Светлый фон

НЕРЕШЕННАЯ ЗАДАЧА: ВОЙНА, МОБИЛИЗАЦИЯ И НАЦИОНАЛИЗАЦИЯ РЕСУРСОВ В РОССИИ

При чтении многочисленных работ, опубликованных в Европе сразу же после Первой мировой войны, поражает свойственное им неожиданное чувство ностальгии – не по ужасам, боли и несчастьям военных лет, а по уникальному опыту спонтанного гражданского единения и мобилизации ради общего дела. Э. М. Г. Ллойд, служивший в британском Военном министерстве и в Министерстве продовольствия, писал о парадоксе войны, «пробуждающей иные из лучших свойств человеческой природы», такие как патриотизм и способность к самопожертвованию. По мнению Ллойда, Первая мировая война была уникальна в этом отношении: «Впервые в истории мир получил представление о том, на что способны объединения людей в своих величайших проявлениях». «Чувство общности и коллективная ответственность» взяли верх над индивидуализмом, и этот поворот повлек за собой «моральную революцию» и громадные изменения в социальных отношениях[1212]. Все интерпретировали только что закончившуюся войну на свой лад: социалисты восторгались войной как «замечательным примером коллективных действий», с которого началось движение к социализму[1213]; левые неолибералы оценивали опыт национализации как «торжество здравого смысла и практической работы над доктриной индивидуализма»[1214]. Экономисты и управленцы из государственных структур вспоминали уникальный опыт сотрудничества деловых кругов и власти, а также появление новых моделей и новаторских приемов административной мобилизации и менеджмента[1215]. Несмотря на различия в описаниях событий войны во Франции и в Англии, в них господствовала одна общая тема: изумление тем, что в странах, известных своей приверженностью таким ценностям, как гражданские свободы, собственность и свобода торговли, стала возможной столь впечатляющая мобилизация и добровольное подчинение тоталитарной власти государства. Напротив, германский опыт мобилизации и планирования обернулся «поразительным провалом» именно потому, что составители планов, переоценив готовность людей и способность системы к жизни под давлением, вытолкнули общество «за пределы возможного»[1216] и разрушили принципиально важный баланс между принуждением и согласием[1217]. Несмотря на это, германский опыт экономического планирования, как выразился Джордж Яни, «изумлял мир до самого окончания войны» и даже после поражения продолжал вдохновлять многих «подражателей»[1218].

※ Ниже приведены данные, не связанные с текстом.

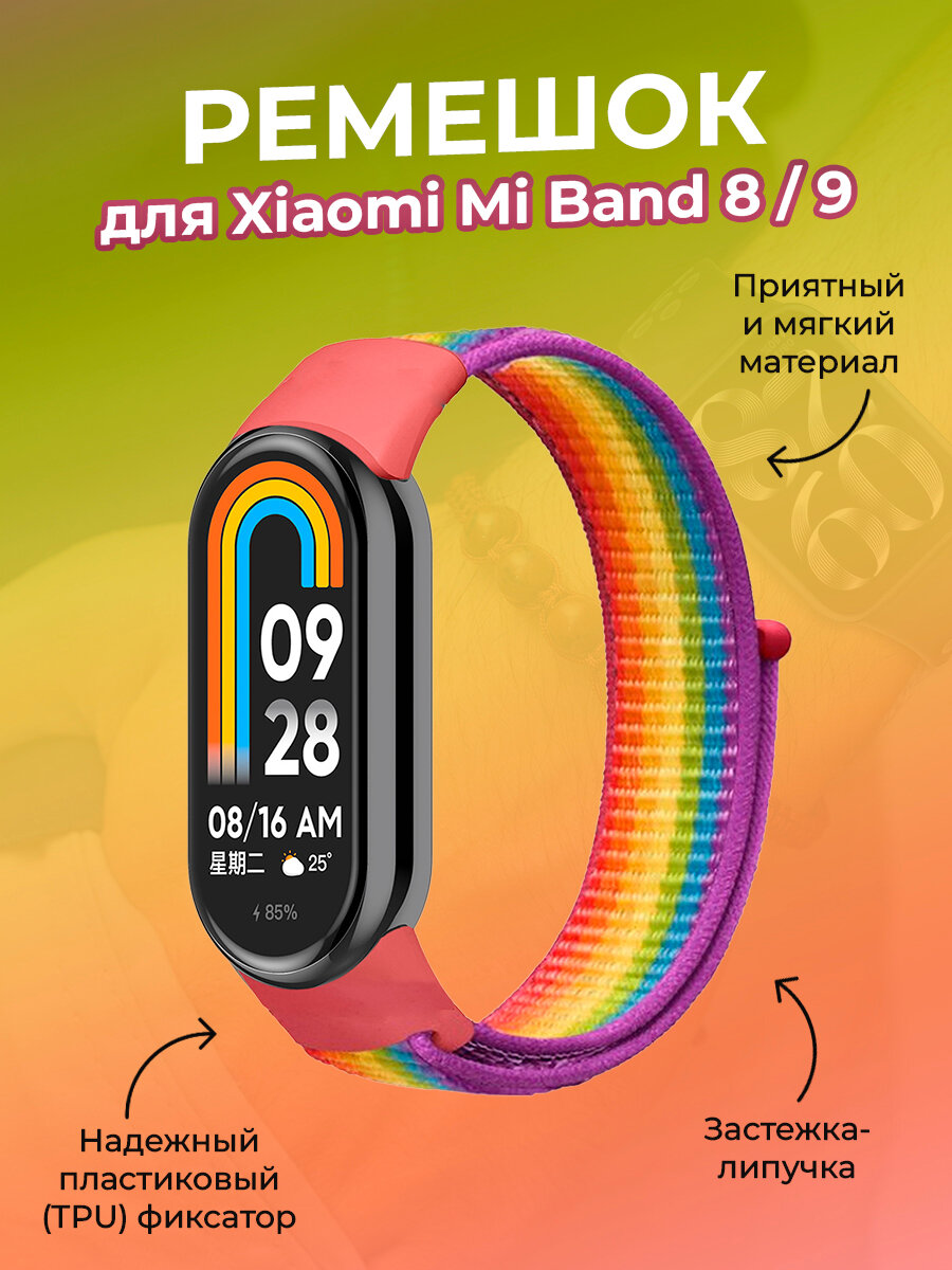 Ремешок с нейлоновой петлей на липучке для Xiaomi Mi Band 8 / 9, цвет радуги информация: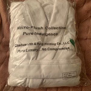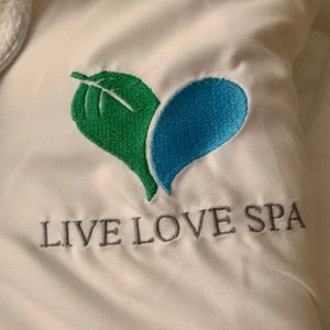 OSFM white, plush, LIVE LOVE SPA robe.

Разумеется, это восхищение чудесами мобилизации улетучилось очень быстро – сразу же, как только государство вернулось к размерам, которые если не соответствовали довоенным стандартам, то приближались к ним. Чаяния тех, кто видел в войне уникальную возможность избавиться от пороков индивидуалистического капитализма, шли намного дальше того, что власти разных стран могли себе позволить и были способны осуществить[1219]. Многие историки даже критиковали «медлительность, с которой власти осознавали необходимость в крупномасштабном государственном вмешательстве и координации при ведении тотальной войны»[1220]. И все же трудно отрицать сенсационное разрастание государственного аппарата – в одних странах более сильное, чем в других, но наблюдавшееся во всех воюющих державах. Государство подменило собой рынок, ограничило гражданские свободы и имущественные права, взяло на себя новые задачи в сфере государственных услуг и общественного контроля. Государственный аппарат вырос численно[1221] и претерпел структурные изменения. Эти преобразования временно повлекли за собой видоизменения в структуре имущественных прав: многое из того, что до войны было частным, стало общественным, в то время как ресурсы, находившиеся в общественной собственности, оказались под строжайшим контролем со стороны государства: в первую очередь эти меры касались производства и распределения топлива и хлеба.